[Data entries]
..........
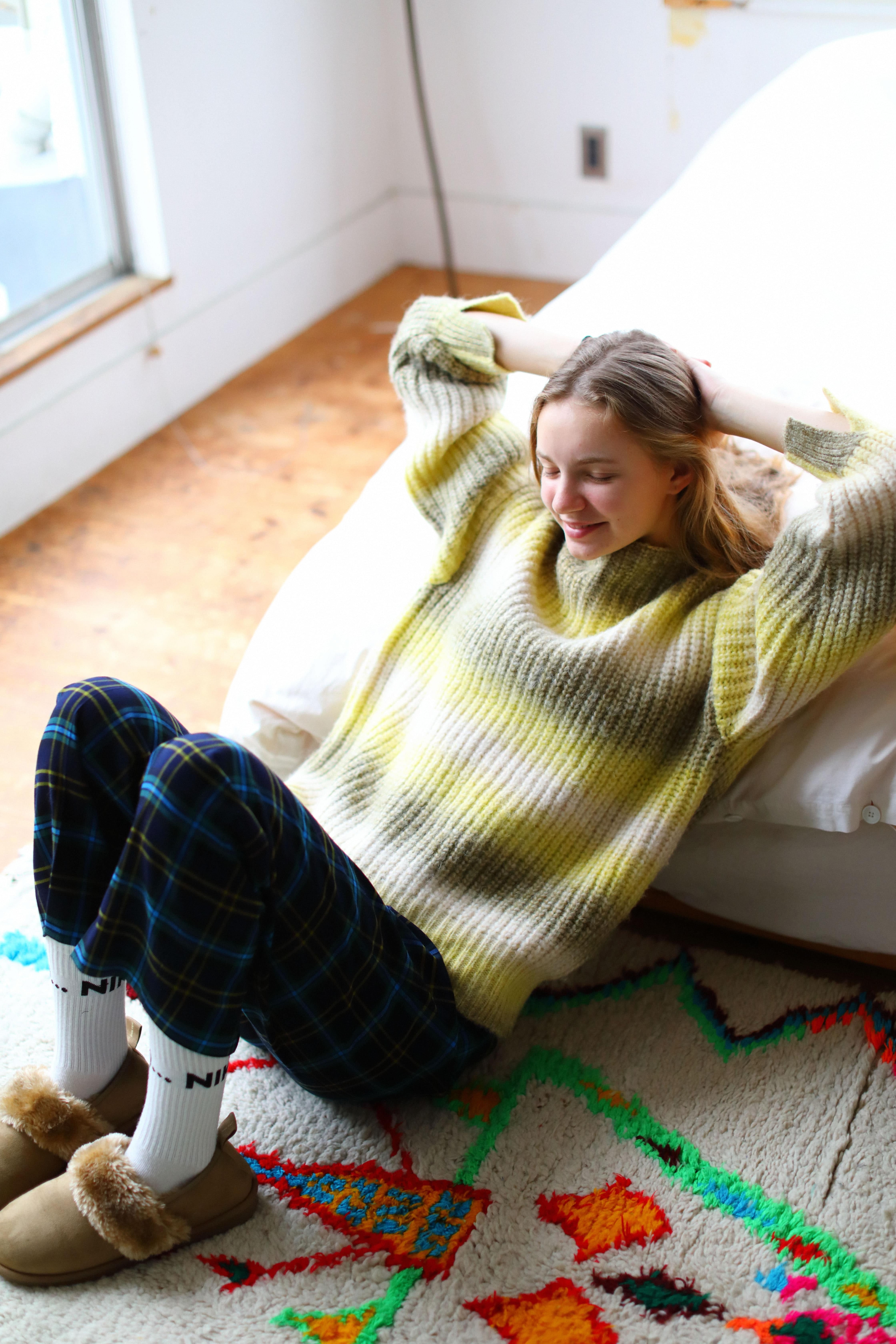 中綿ジャケットとボアベストがセットになったマルチアウター。ジャケットはリバーシブル仕様で、それぞれ一枚で着てもサマになる。色合いの鮮やかなマフラーを巻いて、華やかに。
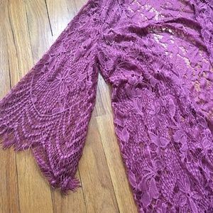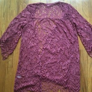 Gently used beautiful dusty rose lace cover up. Can be worn during the day or as a swim cover up!
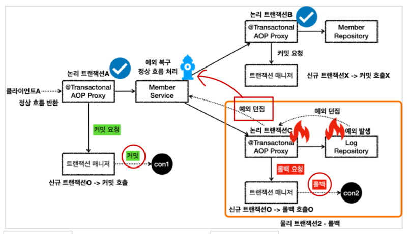 LogRepository가 트랜잭션에 참여하던 때에는 MemberService에서 사용하는 커넥션에 rollbackOnly가 붙기때문에 커밋을 요청하더라도 롤백을 처리해야 했다. 그러나 새로운 트랜잭션을 생성하면서 LogRepository에서 롤백을 하더라도 자신만 사용하는 트랜잭션이기 때문에 rollbackOnly를 표시하지 않고 바로 롤백처리를 하게 된다. 따라서 MemberService에서 사용하는 트랜잭션은 커밋을 정상적으로 수행하게 된다.
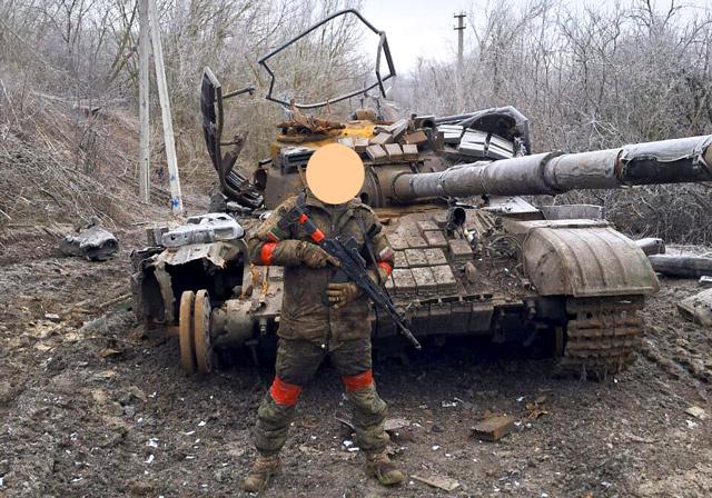 一名俄军士兵在“灰色地带”地雷障碍前与坦克合影,坦克特征是履带断裂
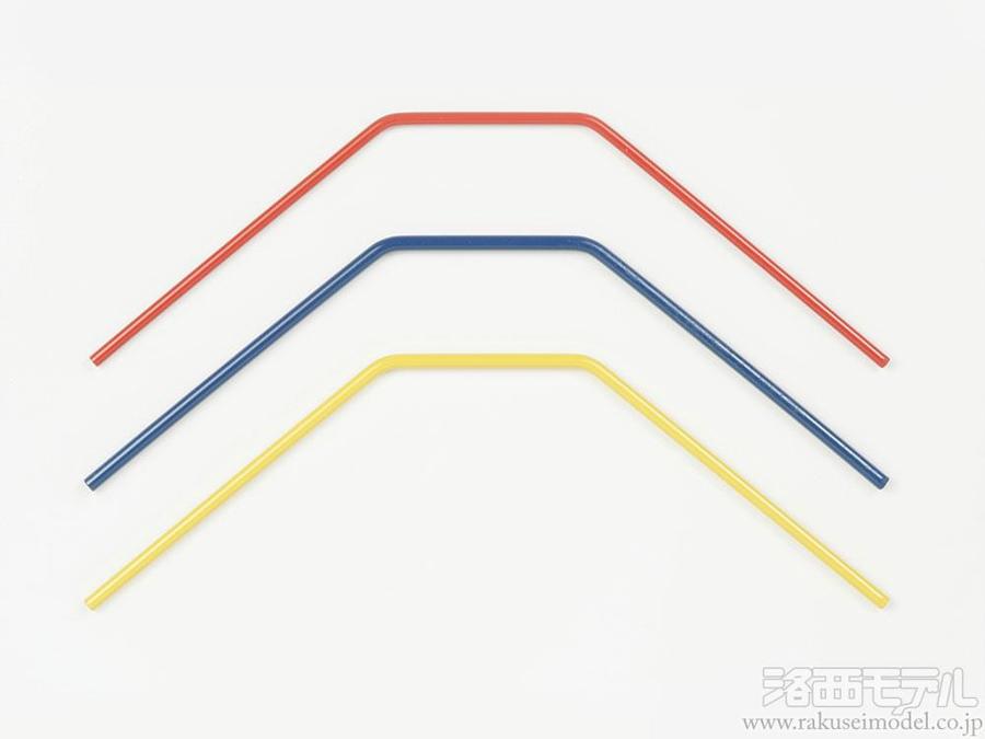TG10-Mk.2シャーシのリヤサスペンションのセッティングに欠かせません。ソフト(赤)、ミディアム(黄色)、ミディアムハード(青)の3種のスタビライザーロッドをセットしました。
..........
▸ WHAT THE TASK ASKS
Repeat the data word for word. Images are not part of the copy.

▸ RESULT OF THE TASK
 中綿ジャケットとボアベストがセットになったマルチアウター。ジャケットはリバーシブル仕様で、それぞれ一枚で着てもサマになる。色合いの鮮やかなマフラーを巻いて、華やかに。
 Gently used beautiful dusty rose lace cover up. Can be worn during the day or as a swim cover up!
 LogRepository가 트랜잭션에 참여하던 때에는 MemberService에서 사용하는 커넥션에 rollbackOnly가 붙기때문에 커밋을 요청하더라도 롤백을 처리해야 했다. 그러나 새로운 트랜잭션을 생성하면서 LogRepository에서 롤백을 하더라도 자신만 사용하는 트랜잭션이기 때문에 rollbackOnly를 표시하지 않고 바로 롤백처리를 하게 된다. 따라서 MemberService에서 사용하는 트랜잭션은 커밋을 정상적으로 수행하게 된다.
 一名俄军士兵在“灰色地带”地雷障碍前与坦克合影,坦克特征是履带断裂
TG10-Mk.2シャーシのリヤサスペンションのセッティングに欠かせません。ソフト(赤)、ミディアム(黄色)、ミディアムハード(青)の3種のスタビライザーロッドをセットしました。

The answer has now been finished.